Но вдруг раздался дикий и ужасный вопль. Шпага Квасова была в груди Фленсбурга и вышла насквозь за спиной. Мгновенно он вырвал ее и, казалось, собирался снова вонзить. Но Фленсбург, обливаясь потоками крови, тяжело и грузно грянулся о землю. Ужасные стоны его огласили пустырь.
Квасов вдруг онемел, застыл на месте, не спуская глаз с упавшего противника, рука его, державшая шпагу, с которой текла кровь, дрожала… Он тяжело дышал и прошептал:
– Царица Небесная! Прости и помилуй!
Будберг бросился к товарищу, стал подымать его, повторяя отчаянно какие-то немецкие слова. Но Фленсбург отвечал только страшными стонами.
В нескольких шагах от него пришедший в себя Шепелев приподнялся и сидел на земле. И, кроме полного изумления, ничего не было на лице его. Наконец он будто понял вдруг все совершившееся, поднял руку, чтобы перекреститься, но от боли рука только тронула лоб и упала.
Фленсбург, мотая головой из стороны в сторону, прижимая обе руки к груди, судорожно дергался на земле и стонал. Вдруг он повернул лицо к Будбергу, будто хотел что-то выговорить, но кровь хлынула горлом… Он задохнулся, захрипел и, как-то потянувшись, замер недвижно… Будберг подложил ладонь под голову товарища и, стоя около него на коленях, шептал что-то по-немецки, как будто молитву.
Квасов, наконец придя в себя, обернулся к племяннику, увидел его сидящим и перекрестился.
– Ну, вот он, Господь, на небеси! Недаром я поучился фридриховским артикулам. Можешь, порося, встать? Будешь жив? Как сдается?
– Не знаю, – шепнул чуть слышно Шепелев. – Что он?.. – и юноша показал глазами на недвижно протянувшегося на земле Фленсбурга.
– Там ничего, порося, там готово! Царство небесное, коли, по грехам, пустят!
В это мгновение Фленсбурга сильно передернуло всего. Ноги, судорожно протянутые, задрожали… Но это было последнее движение, и на земле замер уже не человек, а труп…
XXIV
Конечно, только и было речи в Петербурге, что о поединке двух офицеров. Вся история рассказывалась на разные лады, с разными подробностями. Несмотря на то что все дело было придумано Маргаритой и дорого поплатившимся Фленсбургом, а поединок состоялся, по-видимому, вследствие ссоры офицеров на плацу, но тем не менее, как часто бывает, истина не укрылась от общественного мнения.
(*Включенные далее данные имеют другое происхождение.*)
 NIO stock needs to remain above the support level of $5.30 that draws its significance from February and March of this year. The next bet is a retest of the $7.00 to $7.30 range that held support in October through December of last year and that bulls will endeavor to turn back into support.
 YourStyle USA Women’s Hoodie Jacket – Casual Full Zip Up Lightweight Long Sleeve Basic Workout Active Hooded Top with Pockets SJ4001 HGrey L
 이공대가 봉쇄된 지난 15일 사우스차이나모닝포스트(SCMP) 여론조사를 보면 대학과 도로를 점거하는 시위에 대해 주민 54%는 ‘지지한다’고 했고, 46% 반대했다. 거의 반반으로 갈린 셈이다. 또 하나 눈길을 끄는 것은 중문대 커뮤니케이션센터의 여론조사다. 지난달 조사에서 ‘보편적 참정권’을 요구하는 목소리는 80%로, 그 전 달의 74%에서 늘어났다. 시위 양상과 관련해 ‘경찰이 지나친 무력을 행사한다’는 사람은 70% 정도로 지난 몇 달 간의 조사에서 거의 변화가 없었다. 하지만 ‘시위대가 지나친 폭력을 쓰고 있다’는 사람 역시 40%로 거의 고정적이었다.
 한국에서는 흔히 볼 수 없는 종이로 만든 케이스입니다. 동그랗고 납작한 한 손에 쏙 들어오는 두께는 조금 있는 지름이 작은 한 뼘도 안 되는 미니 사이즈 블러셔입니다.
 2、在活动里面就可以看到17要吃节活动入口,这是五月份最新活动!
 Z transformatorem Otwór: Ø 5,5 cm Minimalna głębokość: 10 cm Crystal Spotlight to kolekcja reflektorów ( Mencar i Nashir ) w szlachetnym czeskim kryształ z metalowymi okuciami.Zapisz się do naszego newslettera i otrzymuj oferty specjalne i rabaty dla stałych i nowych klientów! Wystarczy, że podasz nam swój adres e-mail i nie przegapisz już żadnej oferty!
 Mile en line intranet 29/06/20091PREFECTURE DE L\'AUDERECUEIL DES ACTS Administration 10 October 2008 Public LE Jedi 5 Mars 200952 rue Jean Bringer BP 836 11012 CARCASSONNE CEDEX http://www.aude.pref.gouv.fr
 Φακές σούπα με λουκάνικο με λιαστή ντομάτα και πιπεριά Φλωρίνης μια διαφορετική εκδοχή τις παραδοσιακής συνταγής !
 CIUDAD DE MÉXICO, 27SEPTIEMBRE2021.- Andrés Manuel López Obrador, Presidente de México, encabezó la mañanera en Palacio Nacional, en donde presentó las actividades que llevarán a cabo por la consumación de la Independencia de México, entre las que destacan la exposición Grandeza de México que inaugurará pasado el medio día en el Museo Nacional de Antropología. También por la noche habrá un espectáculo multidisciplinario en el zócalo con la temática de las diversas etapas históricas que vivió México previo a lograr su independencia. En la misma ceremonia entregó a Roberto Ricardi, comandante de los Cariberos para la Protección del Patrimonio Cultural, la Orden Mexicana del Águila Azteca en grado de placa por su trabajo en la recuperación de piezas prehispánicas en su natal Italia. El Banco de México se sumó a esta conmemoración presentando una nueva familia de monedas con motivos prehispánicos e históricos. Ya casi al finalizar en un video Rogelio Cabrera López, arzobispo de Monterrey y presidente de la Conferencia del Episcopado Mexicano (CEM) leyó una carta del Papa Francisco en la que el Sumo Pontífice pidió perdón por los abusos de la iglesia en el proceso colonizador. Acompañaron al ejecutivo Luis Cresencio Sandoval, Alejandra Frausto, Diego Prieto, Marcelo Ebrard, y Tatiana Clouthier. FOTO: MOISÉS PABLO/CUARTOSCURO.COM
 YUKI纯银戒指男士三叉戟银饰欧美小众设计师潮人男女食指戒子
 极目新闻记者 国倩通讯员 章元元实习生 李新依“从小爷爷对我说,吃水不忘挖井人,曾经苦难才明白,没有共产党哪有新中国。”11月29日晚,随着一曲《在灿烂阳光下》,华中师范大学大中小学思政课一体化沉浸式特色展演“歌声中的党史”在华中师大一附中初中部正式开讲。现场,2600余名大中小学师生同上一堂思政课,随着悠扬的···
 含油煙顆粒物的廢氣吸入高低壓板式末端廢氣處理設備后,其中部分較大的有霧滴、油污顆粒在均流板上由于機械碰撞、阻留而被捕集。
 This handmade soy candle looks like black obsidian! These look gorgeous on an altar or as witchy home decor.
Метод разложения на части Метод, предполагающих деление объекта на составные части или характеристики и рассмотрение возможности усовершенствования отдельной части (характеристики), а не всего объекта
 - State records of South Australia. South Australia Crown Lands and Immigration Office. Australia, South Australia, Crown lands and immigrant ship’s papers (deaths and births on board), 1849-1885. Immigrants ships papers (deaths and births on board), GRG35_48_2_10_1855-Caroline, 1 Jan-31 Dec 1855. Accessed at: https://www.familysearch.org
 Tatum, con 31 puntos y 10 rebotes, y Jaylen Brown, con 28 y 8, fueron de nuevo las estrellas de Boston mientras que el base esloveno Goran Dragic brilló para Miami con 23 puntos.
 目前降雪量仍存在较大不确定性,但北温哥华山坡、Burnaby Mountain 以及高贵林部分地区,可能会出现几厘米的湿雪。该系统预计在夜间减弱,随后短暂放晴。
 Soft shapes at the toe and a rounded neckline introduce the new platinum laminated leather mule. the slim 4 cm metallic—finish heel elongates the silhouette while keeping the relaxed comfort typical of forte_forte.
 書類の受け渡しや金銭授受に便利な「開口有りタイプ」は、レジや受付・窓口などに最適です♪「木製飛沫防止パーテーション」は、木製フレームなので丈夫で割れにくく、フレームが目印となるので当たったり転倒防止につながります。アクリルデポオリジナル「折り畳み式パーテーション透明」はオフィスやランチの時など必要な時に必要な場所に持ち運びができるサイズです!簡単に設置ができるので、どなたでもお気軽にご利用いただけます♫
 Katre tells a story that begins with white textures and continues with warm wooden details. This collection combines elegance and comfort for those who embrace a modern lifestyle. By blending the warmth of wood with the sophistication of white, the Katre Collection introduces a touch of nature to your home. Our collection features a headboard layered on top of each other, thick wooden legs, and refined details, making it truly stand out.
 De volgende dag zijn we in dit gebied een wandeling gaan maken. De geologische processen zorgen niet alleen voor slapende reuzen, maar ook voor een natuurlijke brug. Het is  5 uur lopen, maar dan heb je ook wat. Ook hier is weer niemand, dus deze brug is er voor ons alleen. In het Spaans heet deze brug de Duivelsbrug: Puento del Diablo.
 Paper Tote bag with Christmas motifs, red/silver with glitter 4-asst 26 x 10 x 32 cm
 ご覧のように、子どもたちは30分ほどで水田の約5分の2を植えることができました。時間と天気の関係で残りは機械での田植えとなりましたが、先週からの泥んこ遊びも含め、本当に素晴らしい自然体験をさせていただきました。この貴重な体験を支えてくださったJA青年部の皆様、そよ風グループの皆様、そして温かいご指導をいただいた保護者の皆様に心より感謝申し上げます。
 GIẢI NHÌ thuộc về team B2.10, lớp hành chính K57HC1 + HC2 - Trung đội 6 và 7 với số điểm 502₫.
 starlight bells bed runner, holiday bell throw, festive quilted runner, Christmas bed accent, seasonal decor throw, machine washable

Весь город понял, что вся история произошла из-за Маргариты. Теперь уже все в городе подозревали, в каких отношениях она была к юноше, произведенному ею же в один месяц из солдат в офицеры. Только одного никто не мог знать, какую роль играла сама Маргарита в этом поединке. Все говорили, что Фленсбург из ревности захотел уничтожить счастливого соперника и поплатился сам.
Во всяком случае, огласка, которой боялась Маргарита, вышла полная, и если был человек, который не знал истины, то это был один государь. Даже принц Жорж, искренними словами оплакивавший потерю любимца, знал, что Фленсбург убит счастливым любовником красавицы иноземки. Но принц не решился сказать это государю.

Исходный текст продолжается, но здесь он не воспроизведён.